Walmart, Gucci And Coke Are Getting Meta, And The Sales Are Real!

Imagine thousands of shoppers flocking to your latest store opening, trying on outfits and making big purchases. And there is no actual store.

This is what the retail industry is poised to capture with the help of fully immersive virtual reality, or the metaverse. Thanks to alert marketers, the platform has morphed into a market destination, and more consumers are buying in. The revenue opportunities of the metaverse, just through e-commerce, could reach $2.6 trillion by 2030, McKinsey estimated in a June 2022 report.

And while much of that revenue goes to gaming, a growing share is expected to be collected by retailers and brands.

Retailers, Meet Your “Shopatar”

Virtual reality and augmented reality (technology that superimposes computer-generated images on the real world) can be super successful at encouraging consumerism because the artificial intelligence (AI) that fuels these experiences is continuously building on the data it collects about its users’ behaviors.

Enter virtual influencers and AI store assistants. These avatars can learn a user’s style preferences and offer fashion advice or product recommendations, a report by software maker Acowebs foresees. “The potential of AI technology will allow for the creation of virtual closets where users may store their current clothing and receive fresh, more individualized outfit suggestions,” the report states.

Take, for example, the RecRoom, a game where players can buy outfits for their avatars or household items for their avatar’s virtual living spaces. Some of these products could come from real brands.

And they don’t necessarily have to be virtual products.

Brands Join VR And AR
AR
And It’s The “Real” Thing

Pixels are in fact becoming tangible, as retailers and brands use the metaverse to stage actual products before selling the real things to shoppers. Others, meanwhile, are creating entire communities that can capture more detailed data points.
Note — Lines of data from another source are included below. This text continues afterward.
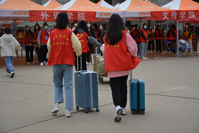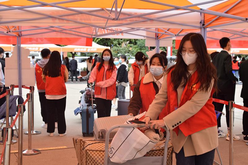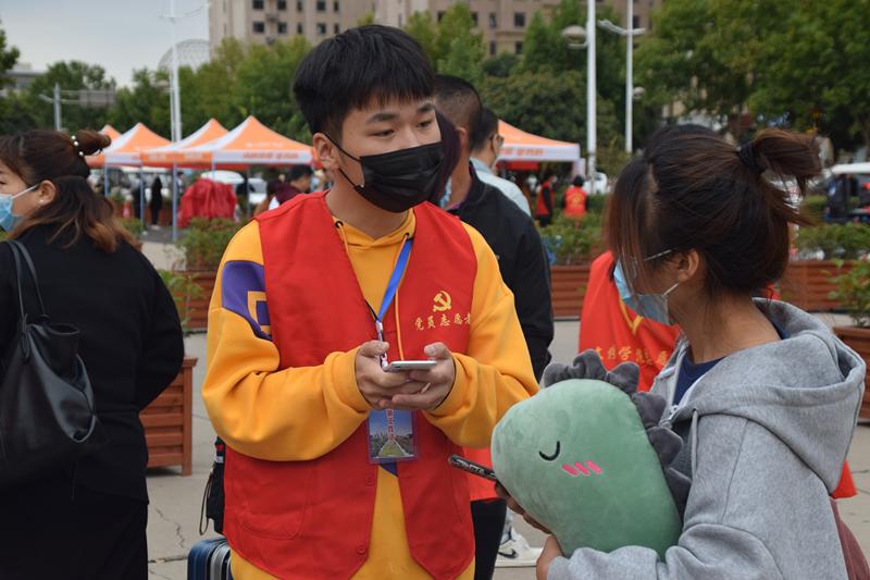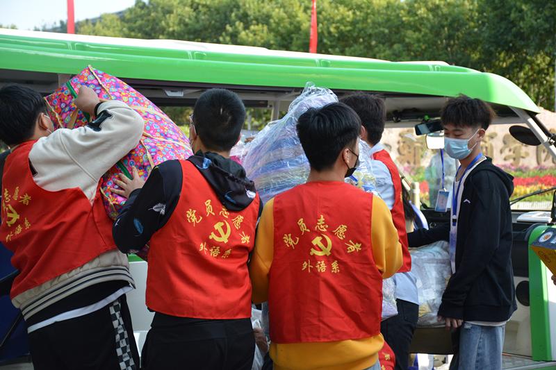 彩旗飘飘,横幅满挂,为帮助2021级新生顺利完成入学,引导学生党员在服务校园、服务师生中更好地发挥先锋模范作用,2021年10月16日,外国语学院学生第一、第二学生党支部组织学生党员组成志愿者小分队,分别在校门口、寝室楼等值班点积极引导新生完成报到。
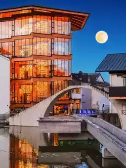 ✔Fangsuo Cultural Village: A collision of modern architecture and traditional Jiangnan aesthetics. When the lights come on at the blue hour, the white walls and black tiles glow warmly, like a flowing ink painting. The bookstore and café are perfect for artsy photos
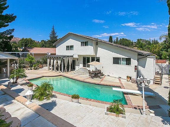 Welcome to this immaculate North of Rinaldi Granada Hills home. This home is an entertainer's dream with remodeling completed in 2008. Grand entrance with travertine flooring opens up to the bright and spacious living room with 15' high ceilings, spotless flooring, family room with fireplace. There is a separate bedroom and a guest bathroom downstairs. Upstairs, you can enjoy grand master bedroom with high ceilings and beautiful views of the backyard. The 2 other bedrooms are conveniently sharing a large balcony with tranquil mountain views. Step into the backyard and enjoy California outdoors with a sparkling pool and fully equipped kitchen: treat your guests with grilled everything in Mediterranean or American style. There is also beer keg installed for your celebrations. The backyard has been remodeled in 2015. Property has dual A/C units. Perfect timing for your joyful holidays in your new home sweet home.

Some examples:

  • Coca-Cola developed its Zero Sugar Byte flavor in the metaverse and then transformed the digital beverage into a limited-edition product, making it consumable in both real and virtual lives.
  • Ralph Lauren in November 2022 launched a digitized clothing and accessories line on the gaming platform Fortnight, followed by the drop of a physical “capsule” collection released on its website.
  • WalmartWMT
    in 2021 purchased the virtual fitting room Zeekit, and in 2022 rolled the technology out to the Walmart app and Walmart.com, as “Be Your Own Model.” With it, users can dress upload images of themselves to see how clothing items might look. The tool is expected to make it easier for customers to hit that “buy” button.
  • Gucci has created a complete virtual destination, Gucci Town, on the gaming app Roblox. In addition to social spaces, the town importantly features a Gucci store where gamers can purchase digital Gucci goods, including outfits for their Roblox avatars, reports Retail Dive.
  • Claire’s, the accessories chain, also is collaborating with Roblox. It launched ShimmerVille on the app in October 2022. The digital destination, designed for shoppers in their teens and 20s, showcases virtual accessories that also are available in its physical brick stores.
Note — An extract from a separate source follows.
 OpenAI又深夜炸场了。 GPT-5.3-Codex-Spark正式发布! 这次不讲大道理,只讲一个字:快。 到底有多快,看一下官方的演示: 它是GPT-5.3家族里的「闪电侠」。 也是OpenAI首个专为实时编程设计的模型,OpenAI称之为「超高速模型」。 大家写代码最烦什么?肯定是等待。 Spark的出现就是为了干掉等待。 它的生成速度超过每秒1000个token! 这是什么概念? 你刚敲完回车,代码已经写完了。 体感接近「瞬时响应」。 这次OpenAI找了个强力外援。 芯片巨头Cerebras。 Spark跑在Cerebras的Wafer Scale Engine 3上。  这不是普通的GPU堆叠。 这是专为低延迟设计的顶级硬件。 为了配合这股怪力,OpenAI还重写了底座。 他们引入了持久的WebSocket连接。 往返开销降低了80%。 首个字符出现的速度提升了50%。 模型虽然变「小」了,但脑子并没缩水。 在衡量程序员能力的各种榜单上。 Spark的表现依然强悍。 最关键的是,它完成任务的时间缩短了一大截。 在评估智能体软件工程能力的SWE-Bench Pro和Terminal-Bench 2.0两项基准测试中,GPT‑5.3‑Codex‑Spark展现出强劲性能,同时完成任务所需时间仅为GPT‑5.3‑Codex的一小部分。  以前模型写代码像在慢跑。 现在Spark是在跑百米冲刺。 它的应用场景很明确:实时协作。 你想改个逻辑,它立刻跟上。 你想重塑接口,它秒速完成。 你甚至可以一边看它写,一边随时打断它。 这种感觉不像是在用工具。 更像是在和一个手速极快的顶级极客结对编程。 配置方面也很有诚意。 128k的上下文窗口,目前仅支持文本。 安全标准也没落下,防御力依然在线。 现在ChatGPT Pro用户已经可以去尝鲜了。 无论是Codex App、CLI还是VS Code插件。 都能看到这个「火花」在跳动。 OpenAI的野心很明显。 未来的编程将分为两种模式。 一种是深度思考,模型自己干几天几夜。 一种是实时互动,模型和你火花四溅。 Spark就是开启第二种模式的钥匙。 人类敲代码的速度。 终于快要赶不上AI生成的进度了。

Wait, What Does This Mean For Stores?

Regardless of the potential of virtual reality, augmented reality and the whole metaverse, consumers aren’t expected to abandon the store. Most people – 67% ­– still enjoy shopping in physical locations for convenience, to socialize and to compare products, the Morning Consult reports.

That said, the metaverse should play a role with retail bricks and mortar. Key to the successful incorporation of these channels is a seamless integration and an online-offline experience that is unified, McKinsey advises.
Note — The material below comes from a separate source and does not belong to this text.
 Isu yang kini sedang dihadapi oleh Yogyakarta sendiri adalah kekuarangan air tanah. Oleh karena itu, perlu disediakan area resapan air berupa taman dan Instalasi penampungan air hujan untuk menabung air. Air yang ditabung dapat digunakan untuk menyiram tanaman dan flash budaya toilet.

If this is accomplished, retailers and brands can expect these advantages:

New forms of data. The insights from immersive, virtual retail could represent new behavioral trends and data points that retailers and brands can use to predict future behavior. This could be especially valuable in 2024 and beyond, when GoogleGOOG
phases out its marketing cookies.

Reduced real estate costs. While stores won’t go away, the metaverse can reduce the need for so many physical locations, as well as make smaller formats more functional. A virtual fitting room costs less to maintain than a physical one, for example.

Market building. The metaverse is borderless, so retailers and brands can build not just virtual boutiques, but global communities. Take Nike’s Nikeland on Roblox, which in its first five months attracted 6.7 million people from 224 countries, The Drum reported. In these communities, visitors can swap style tips, share reviews and take part in company missions, such as charities.

Will the metaverse pay off? If the $2.6 trillion spending prediction is anywhere near accurate, it should be worth exploring. Turning virtual experiences into real profit takes expert execution, however, and part of the work force must be trained before jumping in.

Retailers and brands should have their best analytics teams on board, and be sure to keep one foot in reality.